■ THE TASK:
Reproduce the entries word for word but drop every picture.

Items from a dataset
▽

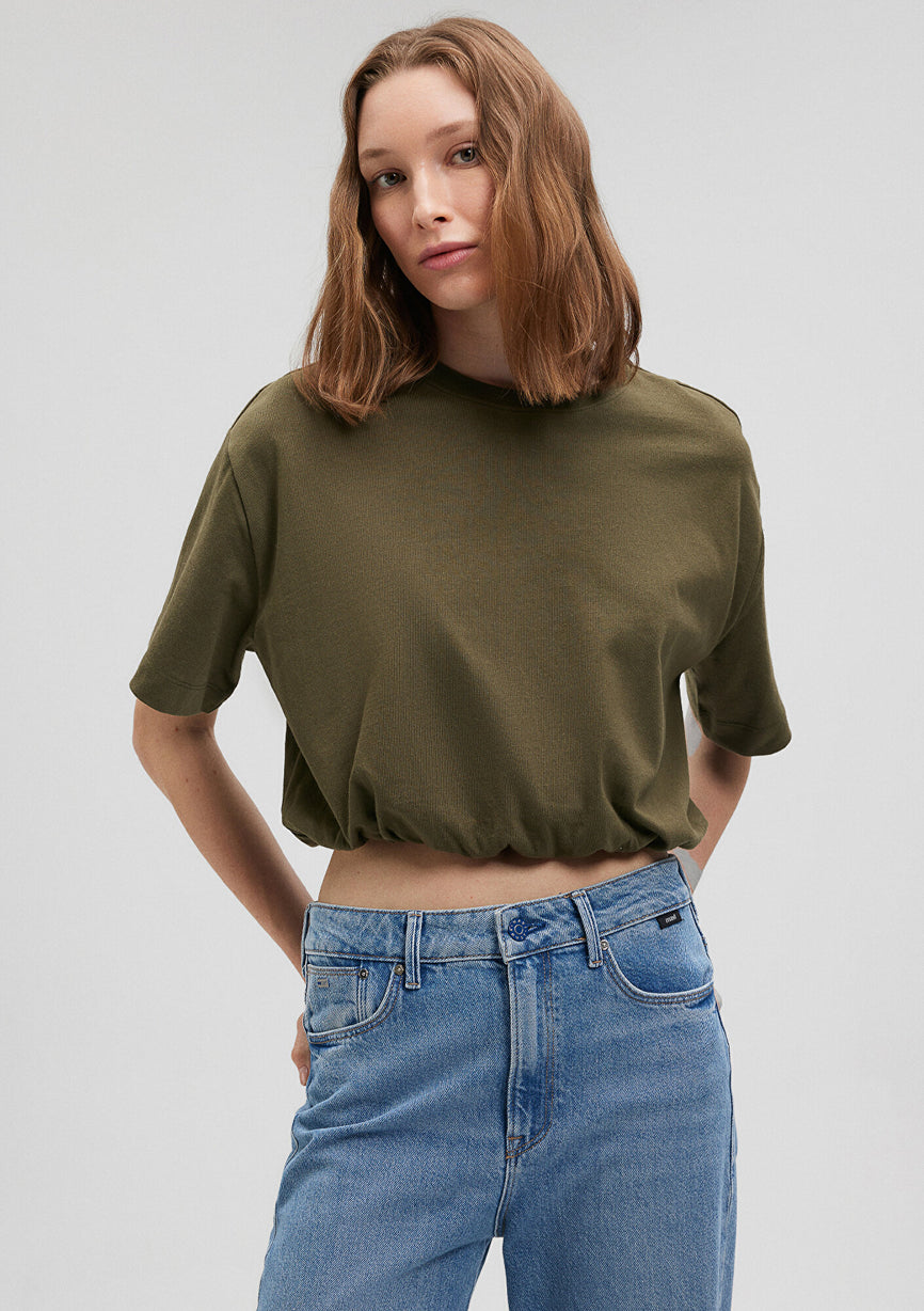 Elastic Detailed Green T-Shirt
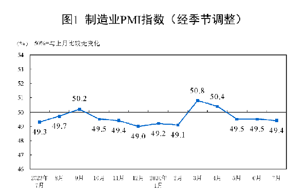 “7月份,因傳統(tǒng)生產(chǎn)淡季、市場需求不足以及局部地區(qū)高溫洪澇災害極端天氣等因素對企業(yè)生產(chǎn)經(jīng)營的影響,制造業(yè)PMI為49.4%,景氣水平略有回落。”國家統(tǒng)計局服務業(yè)調(diào)查中心高級統(tǒng)計師趙慶河說。
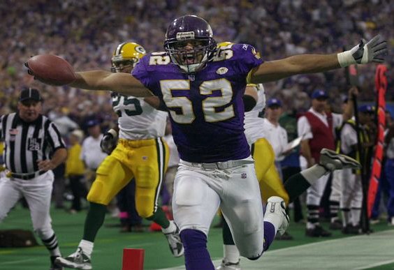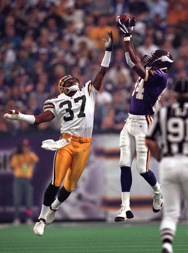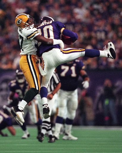 Carter kann einen 17 Yard Paß von Daunte Culpepper unter Kontrolle
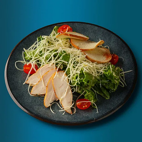 Салат айсберг, куриное филе, черри, сухарики, сыр пармезан, соус цезарь
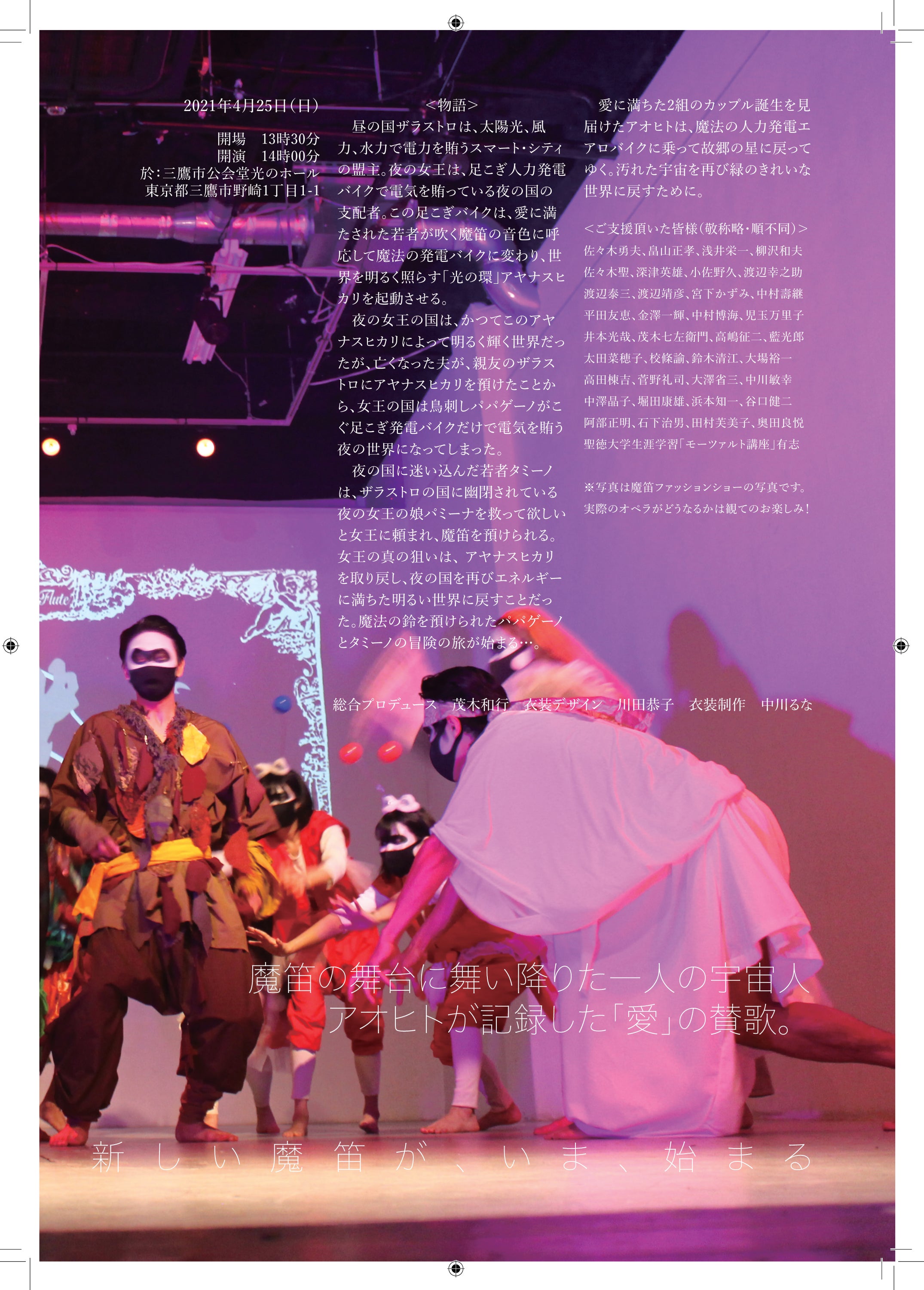 昼の国ザラストロは、太陽光、風力、水力で電力を賄うスマート・シティの盟主。夜の女王は、足こぎ人力発電バイクで電気を賄う夜の国の支配者。愛に満ちた若者が吹く魔笛の音色に呼応して魔法の乗り物に変わる人力発電バイクが光の環「アヤナスヒカリ」を起動し、世界をクリーンなエネルギーで満たしていくーこんな私たちの新解釈「魔笛」は、舞台に舞い降りた宇宙人アオヒトが、手持ちのスマホで記録し、故郷いろいろ銀河のあおいろ星の住人に、「愛」が宇宙もきれいにする力であることを伝えて行きます。  サステナブルとSGDsの言葉が躍る現代社会ですが、私たち「地球人」は地球をきれいにすることばかりに心を奪われて、宇宙を汚していっていることに、あまり目を向けていないのではないでしょうか。私たちが、月から火星へ、そして太陽系から私たちの銀河系をも飛び出し、お隣のアンドロメダ銀河へ、さらにいずれは宇宙の深奥にまで進出していくことは目に見えているのではないでしょうか。

△

■ ANSWER BOX:
 Elastic Detailed Green T-Shirt
 “7月份,因傳統(tǒng)生產(chǎn)淡季、市場需求不足以及局部地區(qū)高溫洪澇災害極端天氣等因素對企業(yè)生產(chǎn)經(jīng)營的影響,制造業(yè)PMI為49.4%,景氣水平略有回落。”國家統(tǒng)計局服務業(yè)調(diào)查中心高級統(tǒng)計師趙慶河說。
 Carter kann einen 17 Yard Paß von Daunte Culpepper unter Kontrolle
 Салат айсберг, куриное филе, черри, сухарики, сыр пармезан, соус цезарь
 昼の国ザラストロは、太陽光、風力、水力で電力を賄うスマート・シティの盟主。夜の女王は、足こぎ人力発電バイクで電気を賄う夜の国の支配者。愛に満ちた若者が吹く魔笛の音色に呼応して魔法の乗り物に変わる人力発電バイクが光の環「アヤナスヒカリ」を起動し、世界をクリーンなエネルギーで満たしていくーこんな私たちの新解釈「魔笛」は、舞台に舞い降りた宇宙人アオヒトが、手持ちのスマホで記録し、故郷いろいろ銀河のあおいろ星の住人に、「愛」が宇宙もきれいにする力であることを伝えて行きます。  サステナブルとSGDsの言葉が躍る現代社会ですが、私たち「地球人」は地球をきれいにすることばかりに心を奪われて、宇宙を汚していっていることに、あまり目を向けていないのではないでしょうか。私たちが、月から火星へ、そして太陽系から私たちの銀河系をも飛び出し、お隣のアンドロメダ銀河へ、さらにいずれは宇宙の深奥にまで進出していくことは目に見えているのではないでしょうか。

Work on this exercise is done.